● Problem:
Going through the material below, output exactly the lines from the one containing "<B>1872-CC<10C> AU Details, Improperly" through the one containing "1️⃣来宮駅より熱海梅園方面に進み、「梅園前」の交差点で右折します。", and no pictures.

● Data:

- Opening Delimiter -

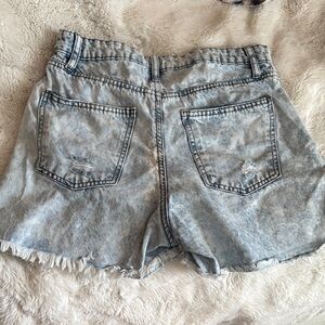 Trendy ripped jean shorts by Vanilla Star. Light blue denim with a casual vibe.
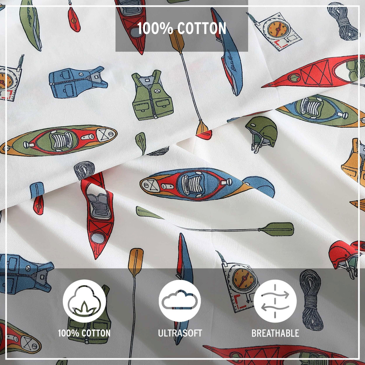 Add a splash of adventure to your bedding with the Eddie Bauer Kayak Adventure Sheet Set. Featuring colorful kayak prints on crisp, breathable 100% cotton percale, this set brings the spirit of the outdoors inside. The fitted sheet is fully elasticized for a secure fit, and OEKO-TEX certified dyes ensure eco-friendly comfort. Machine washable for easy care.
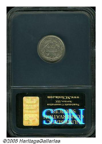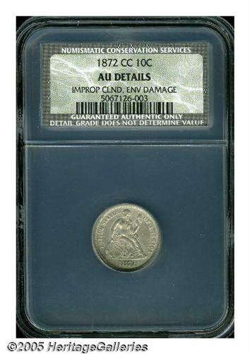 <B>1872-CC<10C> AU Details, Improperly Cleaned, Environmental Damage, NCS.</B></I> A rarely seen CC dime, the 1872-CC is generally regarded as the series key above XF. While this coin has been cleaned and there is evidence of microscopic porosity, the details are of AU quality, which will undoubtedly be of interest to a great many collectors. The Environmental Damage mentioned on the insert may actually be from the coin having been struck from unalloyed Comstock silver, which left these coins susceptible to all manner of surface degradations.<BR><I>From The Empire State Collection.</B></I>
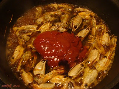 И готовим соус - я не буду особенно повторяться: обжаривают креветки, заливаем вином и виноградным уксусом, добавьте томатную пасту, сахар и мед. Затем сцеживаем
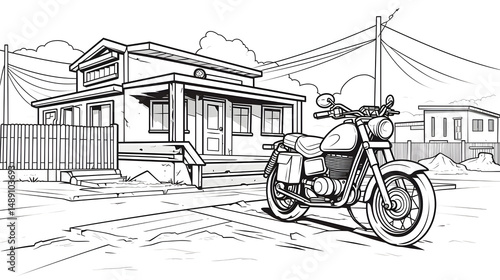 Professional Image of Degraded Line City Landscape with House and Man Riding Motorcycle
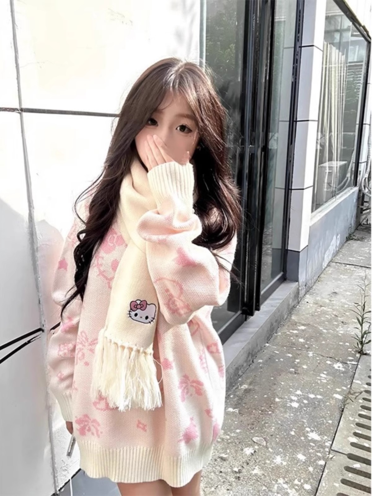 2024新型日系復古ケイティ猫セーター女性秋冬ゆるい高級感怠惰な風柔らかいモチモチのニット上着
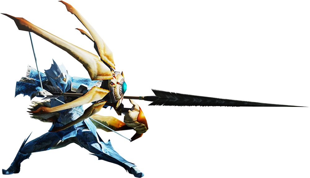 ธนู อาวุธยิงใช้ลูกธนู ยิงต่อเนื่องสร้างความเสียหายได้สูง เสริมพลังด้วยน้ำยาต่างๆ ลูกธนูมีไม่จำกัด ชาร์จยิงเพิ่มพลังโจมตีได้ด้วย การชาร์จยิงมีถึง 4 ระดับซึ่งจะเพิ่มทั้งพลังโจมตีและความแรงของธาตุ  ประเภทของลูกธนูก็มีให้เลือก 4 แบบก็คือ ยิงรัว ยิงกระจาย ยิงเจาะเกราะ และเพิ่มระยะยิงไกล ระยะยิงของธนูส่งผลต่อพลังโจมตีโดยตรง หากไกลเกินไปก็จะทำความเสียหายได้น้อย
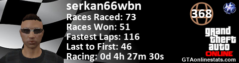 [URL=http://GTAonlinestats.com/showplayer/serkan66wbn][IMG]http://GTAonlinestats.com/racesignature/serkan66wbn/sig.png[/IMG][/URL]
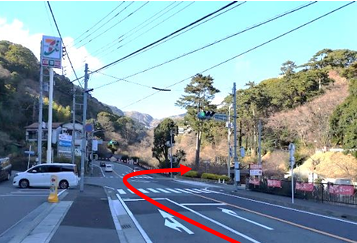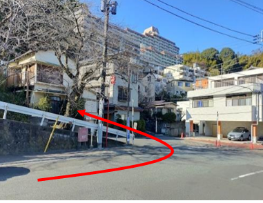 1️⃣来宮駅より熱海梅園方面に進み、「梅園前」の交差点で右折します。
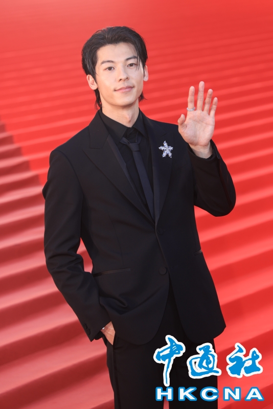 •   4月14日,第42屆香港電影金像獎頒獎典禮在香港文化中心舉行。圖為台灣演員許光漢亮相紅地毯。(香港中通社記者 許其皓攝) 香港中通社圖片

- Closing Delimiter -

● Finished task:
 <B>1872-CC<10C> AU Details, Improperly Cleaned, Environmental Damage, NCS.</B></I> A rarely seen CC dime, the 1872-CC is generally regarded as the series key above XF. While this coin has been cleaned and there is evidence of microscopic porosity, the details are of AU quality, which will undoubtedly be of interest to a great many collectors. The Environmental Damage mentioned on the insert may actually be from the coin having been struck from unalloyed Comstock silver, which left these coins susceptible to all manner of surface degradations.<BR><I>From The Empire State Collection.</B></I>
 И готовим соус - я не буду особенно повторяться: обжаривают креветки, заливаем вином и виноградным уксусом, добавьте томатную пасту, сахар и мед. Затем сцеживаем
 Professional Image of Degraded Line City Landscape with House and Man Riding Motorcycle
 2024新型日系復古ケイティ猫セーター女性秋冬ゆるい高級感怠惰な風柔らかいモチモチのニット上着
 ธนู อาวุธยิงใช้ลูกธนู ยิงต่อเนื่องสร้างความเสียหายได้สูง เสริมพลังด้วยน้ำยาต่างๆ ลูกธนูมีไม่จำกัด ชาร์จยิงเพิ่มพลังโจมตีได้ด้วย การชาร์จยิงมีถึง 4 ระดับซึ่งจะเพิ่มทั้งพลังโจมตีและความแรงของธาตุ  ประเภทของลูกธนูก็มีให้เลือก 4 แบบก็คือ ยิงรัว ยิงกระจาย ยิงเจาะเกราะ และเพิ่มระยะยิงไกล ระยะยิงของธนูส่งผลต่อพลังโจมตีโดยตรง หากไกลเกินไปก็จะทำความเสียหายได้น้อย
 [URL=http://GTAonlinestats.com/showplayer/serkan66wbn][IMG]http://GTAonlinestats.com/racesignature/serkan66wbn/sig.png[/IMG][/URL]
 1️⃣来宮駅より熱海梅園方面に進み、「梅園前」の交差点で右折します。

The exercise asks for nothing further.